The shell script needs to determine, for each resource, whether it exists; if it does exist, what changes to make and how to translate those into API calls, or if it doesn't exist, how to create it, and to clean up any resources no longer in the desired state.

Attributes of some resource that might exist only after creation need to be fed into other resources…

For even a single resource, over the lifetime of the many changes and adjustments to the resource, that is extremely complicated to do correctly in shell alone.

The declarative "desired state" style is more useful since the steps required to be undertaken often depend on the state of the infrastructure that exists, or doesn't exist.

(additionally, you'll also need to notate state about what infra exists and what doesn't, and store that somewhere, and transmit that state to coworkers … and TF handles that, too. While "its obvious" for some infra — i.e., the resource has a natural key — not all resources do, and often you have to deal with unmanaged resources and not decide to delete them simply because they're not part of your desired state.)

Lastly, you have to handle bugs and design flaws in the APIs. I've worked with a number of platforms where two, valid calls to the API in a shell script are a race condition because the API doesn't support read-your-writes.

All this reinvents the wheel that is TF.

There's also "why does this infra exist?": I can comment TF, I get a commit history and rationales for why infra exists. Shell scripts really push people towards "I'll just #yolo this small change to the infra" … and now, I don't know why the infra is the way it is. Often, I find dev/prd have drifted, or two prod instances of the "same" thing are really different. Comments cut down on this, TF modules really cut down on it, etc.

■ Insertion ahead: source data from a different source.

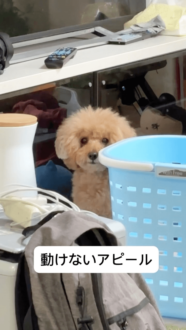 「ママこっち見て!」かまってほしくて…隙間から登場!甘え上手なトイプードルの必殺技がこちら【動画】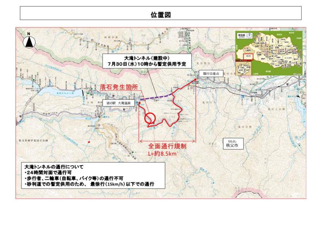 【埼玉県】一般国道140号の落石による交通規制について(第2報)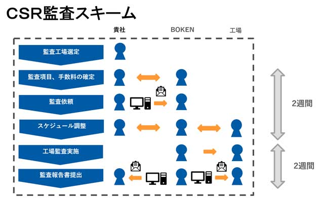またCSR監(jiān)査では、初回監(jiān)査を?qū)g施して終わりということではなく、不適合が出た場合は、そこからの改善是正がとても重要です。実際CSR監(jiān)査を?qū)g施させていただいていると、たくさんの不適合がでるという場合が多いのが現(xiàn)狀です。BOKENでは監(jiān)査後の改善點をどのように実施すればよいかをサポートするフォローアップ監(jiān)査を?qū)g施しております。BOKENはCSR監(jiān)査の経験実績から、工場様の抱える問題點を把握し、改善ができるまで、しっかりとサポートをしていきます。詳細はお問い合わせください。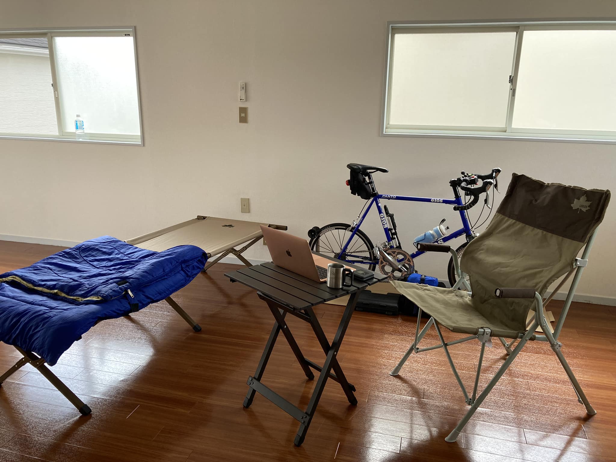 寝具周りはかなり苦労しました。コット → エアベッド → 結局おふとん という感じでやや敗北気味です。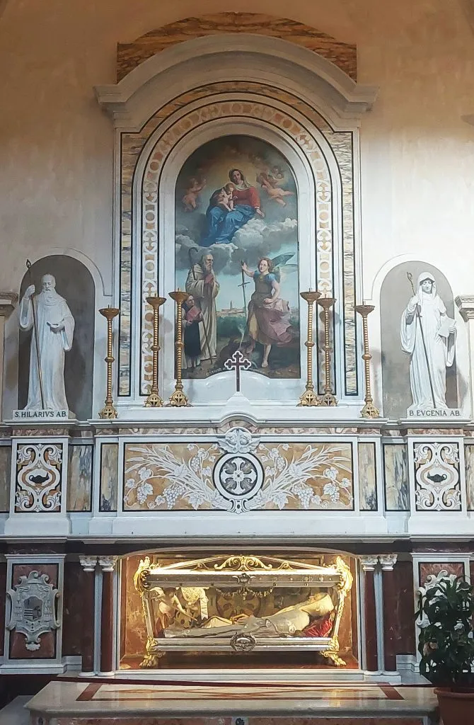 Ma come ci ricordano le due statue in marmo di Carrara che il vescovo benedettino mons. Anselmo F. Pecci fece realizzare nel 1939, in occasione dell’ottavo centenario della morte di San Giovanni, tra i santi materani si annoverano anche Ilario ed Eugenia, anch’essi monaci benedettini, di circa un secolo precedenti a san Giovanni Scalcione.

> And what is it? It is a shell script inside of a JSON that was created in the shell! What for are these layers of abstraction? Why does he have to wrap the Resource Group name in a JSON? Why couldn't it be just piped in plaintext format, as all the tools that try to be POSIX-compatible do?

JSON is a text format. Your shell scripter has piped that into what amounts to a buggy, broken, 5% reimplementation of a JSON parser. Pipe that to `jq`, instead. (You can also use --query on az to reduce the output to something that will be more easily handled by `jq`, but anything --query can do, jq can too, pretty much, and it might be better to have all the code in one language.)

Or just request that data from terraform, by accessing the appropriate attribute of the that resource.


👤 jjice
Another part of Terraform's power is the fact it's all text. We can store it in version control and see changes over time, as well as have it go through CI/CD.

While there are platform specific alternatives like Cloud Formation, learning a new system for each platform would be a pain, and frankly, things like Cloud Formation just aren't as nice to work with compared to Terraform.